Manque de confiance des bailleurs de fonds : Déblocage incertain des financements européens

Jacaranda

UE-(1)Selon Antonio Sanchez-Benedito Gaspar, « il y a un engagement de l’UE de l’ordre de 518 millions d’Euros pour le 11e FED, mais il reste quelques formalités à remplir ».

Bon nombre d’observateurs se demandent actuellement si la tenue des élections n’était pas suffisante pour résoudre définitivement la crise et rétablir une relation de confiance avec les bailleurs de fonds. En effet, jusqu’ici, et ce, bien malgré la valse des Ambassadeurs qui se présentent tour à tour à Iavoloha pour présenter leurs lettres de créance, l’on constate que le régime ne bénéficie pas de la confiance des bailleurs de fonds. C’est le cas notamment du Fonds Monétaire International (FMI) qui, huit mois après l’accession au pouvoir du président Hery Rajaonarimampianina, n’a pas encore débloqué le financement de la balance des paiements. D’autant plus que le bureau du FMI à Madagascar n’est pas encore opérationnel. Pour ce qui est de la Banque mondiale, elle n’intervient pour le moment que dans les projets sociaux qui ont des impacts directs sur le social des populations vulnérables. La déclaration hier du nouvel Ambassadeur de l’Union européenne, Antonio Sanchez-Benedito Gaspar confirme ce manque de confiance des bailleurs de fonds envers le régime Rajaonarimampianina. En effet, l’Ambassadeur UE a présenté ses lettres de créance auprès du numéro Un d’Ambohitsorohitra. Cette cérémonie qui s’est déroulée au Palais d’Iavoloha lui a permis d’annoncer les deux grands axes prioritaires pour l’intervention de l’Union européenne à Madagascar, à savoir, le dialogue politique et la relance de la coopération. Le processus de transition et de résolution de la crise, ainsi que l’organisation des élections ont été évoqués au cours de la rencontre entre les deux personnalités.
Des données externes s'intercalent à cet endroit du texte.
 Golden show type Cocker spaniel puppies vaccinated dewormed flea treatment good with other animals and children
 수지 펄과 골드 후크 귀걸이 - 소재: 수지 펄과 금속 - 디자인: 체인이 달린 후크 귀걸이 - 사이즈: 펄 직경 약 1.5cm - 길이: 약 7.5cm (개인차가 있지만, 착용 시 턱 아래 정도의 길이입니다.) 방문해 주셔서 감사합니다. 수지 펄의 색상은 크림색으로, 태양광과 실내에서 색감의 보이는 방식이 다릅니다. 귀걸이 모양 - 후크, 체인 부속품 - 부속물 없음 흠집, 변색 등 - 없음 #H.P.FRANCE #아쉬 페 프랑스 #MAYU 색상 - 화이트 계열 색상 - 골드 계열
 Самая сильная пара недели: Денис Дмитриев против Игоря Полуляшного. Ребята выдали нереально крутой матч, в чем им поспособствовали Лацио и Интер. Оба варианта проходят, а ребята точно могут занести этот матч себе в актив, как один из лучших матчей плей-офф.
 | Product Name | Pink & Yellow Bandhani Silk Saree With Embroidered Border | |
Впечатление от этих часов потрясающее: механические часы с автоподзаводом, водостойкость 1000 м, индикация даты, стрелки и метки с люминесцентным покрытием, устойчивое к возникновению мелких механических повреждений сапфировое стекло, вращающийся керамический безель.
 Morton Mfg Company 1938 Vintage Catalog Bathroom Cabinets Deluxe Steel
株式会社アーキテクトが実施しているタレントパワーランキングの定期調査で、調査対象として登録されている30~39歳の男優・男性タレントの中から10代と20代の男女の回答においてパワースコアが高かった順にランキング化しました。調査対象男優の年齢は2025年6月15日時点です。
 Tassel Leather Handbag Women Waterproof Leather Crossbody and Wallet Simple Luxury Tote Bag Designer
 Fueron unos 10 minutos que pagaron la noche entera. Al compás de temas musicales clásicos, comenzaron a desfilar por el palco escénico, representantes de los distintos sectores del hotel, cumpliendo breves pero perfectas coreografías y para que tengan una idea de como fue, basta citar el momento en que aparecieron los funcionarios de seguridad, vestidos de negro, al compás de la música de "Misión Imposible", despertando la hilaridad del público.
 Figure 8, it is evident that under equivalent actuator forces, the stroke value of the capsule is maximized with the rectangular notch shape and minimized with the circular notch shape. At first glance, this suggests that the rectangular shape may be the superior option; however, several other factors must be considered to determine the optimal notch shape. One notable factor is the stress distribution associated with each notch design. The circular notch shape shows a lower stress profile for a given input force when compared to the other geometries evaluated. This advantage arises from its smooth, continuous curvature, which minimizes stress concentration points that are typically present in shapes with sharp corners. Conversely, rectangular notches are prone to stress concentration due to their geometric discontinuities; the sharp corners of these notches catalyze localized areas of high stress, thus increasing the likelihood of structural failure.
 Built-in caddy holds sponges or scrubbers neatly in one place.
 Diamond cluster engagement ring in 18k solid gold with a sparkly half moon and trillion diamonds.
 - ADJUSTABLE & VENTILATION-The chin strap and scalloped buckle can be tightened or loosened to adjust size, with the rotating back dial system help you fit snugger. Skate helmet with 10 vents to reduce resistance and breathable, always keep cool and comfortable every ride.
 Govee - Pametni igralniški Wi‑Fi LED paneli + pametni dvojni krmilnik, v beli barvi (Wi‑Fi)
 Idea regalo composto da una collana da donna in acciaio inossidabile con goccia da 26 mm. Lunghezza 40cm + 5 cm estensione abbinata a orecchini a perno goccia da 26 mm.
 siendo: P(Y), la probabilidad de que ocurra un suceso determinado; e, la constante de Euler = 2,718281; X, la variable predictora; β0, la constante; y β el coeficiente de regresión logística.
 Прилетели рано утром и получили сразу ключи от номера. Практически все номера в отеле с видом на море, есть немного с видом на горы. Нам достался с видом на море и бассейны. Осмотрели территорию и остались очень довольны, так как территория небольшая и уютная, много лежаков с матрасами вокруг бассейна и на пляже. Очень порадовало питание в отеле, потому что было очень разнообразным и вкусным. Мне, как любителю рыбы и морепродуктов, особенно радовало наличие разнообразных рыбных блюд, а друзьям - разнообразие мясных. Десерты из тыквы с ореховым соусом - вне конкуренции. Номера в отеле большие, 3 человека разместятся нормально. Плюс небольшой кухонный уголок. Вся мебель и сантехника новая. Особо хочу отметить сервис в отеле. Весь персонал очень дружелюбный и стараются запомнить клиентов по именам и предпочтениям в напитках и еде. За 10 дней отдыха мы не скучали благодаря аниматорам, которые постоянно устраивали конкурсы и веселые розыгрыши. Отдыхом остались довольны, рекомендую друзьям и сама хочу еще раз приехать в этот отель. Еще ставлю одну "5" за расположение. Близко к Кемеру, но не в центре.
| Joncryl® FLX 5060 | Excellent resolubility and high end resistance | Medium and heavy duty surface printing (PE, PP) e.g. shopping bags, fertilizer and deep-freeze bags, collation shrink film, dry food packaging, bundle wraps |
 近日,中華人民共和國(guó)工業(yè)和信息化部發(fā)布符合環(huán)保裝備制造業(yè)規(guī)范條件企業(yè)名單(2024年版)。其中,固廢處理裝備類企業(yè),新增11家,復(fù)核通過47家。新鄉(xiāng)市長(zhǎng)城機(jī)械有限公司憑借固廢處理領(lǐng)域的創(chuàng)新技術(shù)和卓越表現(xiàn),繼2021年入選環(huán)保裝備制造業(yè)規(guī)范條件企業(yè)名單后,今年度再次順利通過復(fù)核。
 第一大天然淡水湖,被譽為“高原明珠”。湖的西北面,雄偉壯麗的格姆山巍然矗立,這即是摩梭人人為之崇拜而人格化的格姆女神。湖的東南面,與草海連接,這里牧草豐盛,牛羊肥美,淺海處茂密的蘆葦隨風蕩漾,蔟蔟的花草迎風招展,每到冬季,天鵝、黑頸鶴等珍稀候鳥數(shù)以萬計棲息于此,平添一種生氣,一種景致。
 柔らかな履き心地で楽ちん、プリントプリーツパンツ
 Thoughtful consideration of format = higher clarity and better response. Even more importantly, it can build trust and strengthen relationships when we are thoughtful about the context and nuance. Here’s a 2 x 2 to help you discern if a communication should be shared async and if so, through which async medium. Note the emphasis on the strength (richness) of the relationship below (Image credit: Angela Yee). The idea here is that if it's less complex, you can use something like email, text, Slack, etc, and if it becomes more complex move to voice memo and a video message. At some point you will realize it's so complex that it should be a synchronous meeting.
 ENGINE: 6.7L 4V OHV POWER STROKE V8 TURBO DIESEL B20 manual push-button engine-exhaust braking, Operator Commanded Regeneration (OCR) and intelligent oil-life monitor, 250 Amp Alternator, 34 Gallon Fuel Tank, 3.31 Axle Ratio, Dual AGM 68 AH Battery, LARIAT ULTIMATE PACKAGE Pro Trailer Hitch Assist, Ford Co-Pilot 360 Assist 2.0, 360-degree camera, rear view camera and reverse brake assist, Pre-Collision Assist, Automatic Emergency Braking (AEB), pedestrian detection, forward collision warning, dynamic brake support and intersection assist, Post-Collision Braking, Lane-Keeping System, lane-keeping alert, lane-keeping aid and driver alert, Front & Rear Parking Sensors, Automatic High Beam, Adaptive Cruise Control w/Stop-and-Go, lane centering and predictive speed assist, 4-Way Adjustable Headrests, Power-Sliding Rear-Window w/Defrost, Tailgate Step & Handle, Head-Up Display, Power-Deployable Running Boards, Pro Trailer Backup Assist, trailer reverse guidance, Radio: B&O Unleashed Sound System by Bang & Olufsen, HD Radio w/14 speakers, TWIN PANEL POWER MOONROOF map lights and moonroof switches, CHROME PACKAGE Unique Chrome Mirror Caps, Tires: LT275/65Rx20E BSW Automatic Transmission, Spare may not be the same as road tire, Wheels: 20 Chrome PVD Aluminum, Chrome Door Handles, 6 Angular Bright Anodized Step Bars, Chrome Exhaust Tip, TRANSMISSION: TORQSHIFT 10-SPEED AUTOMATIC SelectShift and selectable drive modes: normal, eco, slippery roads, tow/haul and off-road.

« Formalités à remplir ». En tout cas, à entendre les explications d’Antonio Sanchez-Benedito Gaspar, « l’Union Européenne est disposée à renforcer la coopération avec la Grande Ile ». Une déclaration purement diplomatique dans la mesure où le déblocage des financements reste encore sous conditions. « C’est un signal très fort d’un appui de 65 millions d’Euros à débourser avant la fin d’année, si toutefois les conditions sont réunies », a-t-il déclaré. Et lui d’ajouter au passage que « le président malgache a rassuré que le gouvernement de Madagascar va faire toutes les possibilités pour réussir ». Cette déclaration laisse planer le doute sur l’acquisition des aides financières émanant de l’Union européenne. D’ailleurs, aucune précision sur les tenants et aboutissants de ces « conditions » n’a été avancée. Ils consistent certainement au respect de la démocratie, de la bonne gouvernance, de l’Etat de droit et de la liberté d’expression, mais aussi et surtout, de la mise en place d’un gouvernement représentatif de toutes les forces politiques. En outre, pour ce qui est du 11e FED, l’Ambassadeur de l’Union européenne de déclarer qu’ « il y a une augmentation qui a été décidée et à formaliser, bien que beaucoup aient été faits. Il y a un engagement de l’UE de l’ordre de 518 millions d’Euros pour cette période, mais il y a quelques formalités à remplir ».

Lettres de créance. Pour revenir à la journée d’hier, 4 ambassadeurs, à savoir l’Ambassadeur de l’Etat d’Israël, Yoram Elron, celui du Sénégal, le Docteur Momar Diop, celui de la République du Congo, Léonard-Emile Ognimba et l’Ambassadeur de l’Union européenne, Antonio Sanchez-Benedito Gaspar ont présenté leurs lettres de créance auprès du numéro Un d’Ambohitsorohitra. L’Israël, le Sénégal et la République du Congo entendent renforcer la coopération avec Madagascar, notamment dans les domaines de l’Agriculture, de la Médecine, de la Pêche, du Tourisme, ainsi que de l’Economie et de la Sécurité maritime. Le renforcement de la coopération Madagascar – Sénégal dans le domaine de l’Education, l’Enseignement supérieur et de la Recherche est également envisagé. Par ailleurs, le Docteur Momar Diop a aussi promis de soutenir la candidature de la Grande Ile pour l’organisation du Sommet de Organisation Internationale de la Francophonie (OIF) en 2016. A noter que le président Hery Rajaonarimampianina a mis le cap sur Paris hier en vue d’une rencontre officielle avec le président français François Hollande, prévue se tenir au Palais de l’Elysée le 19 septembre prochain à 12 heures, heures françaises.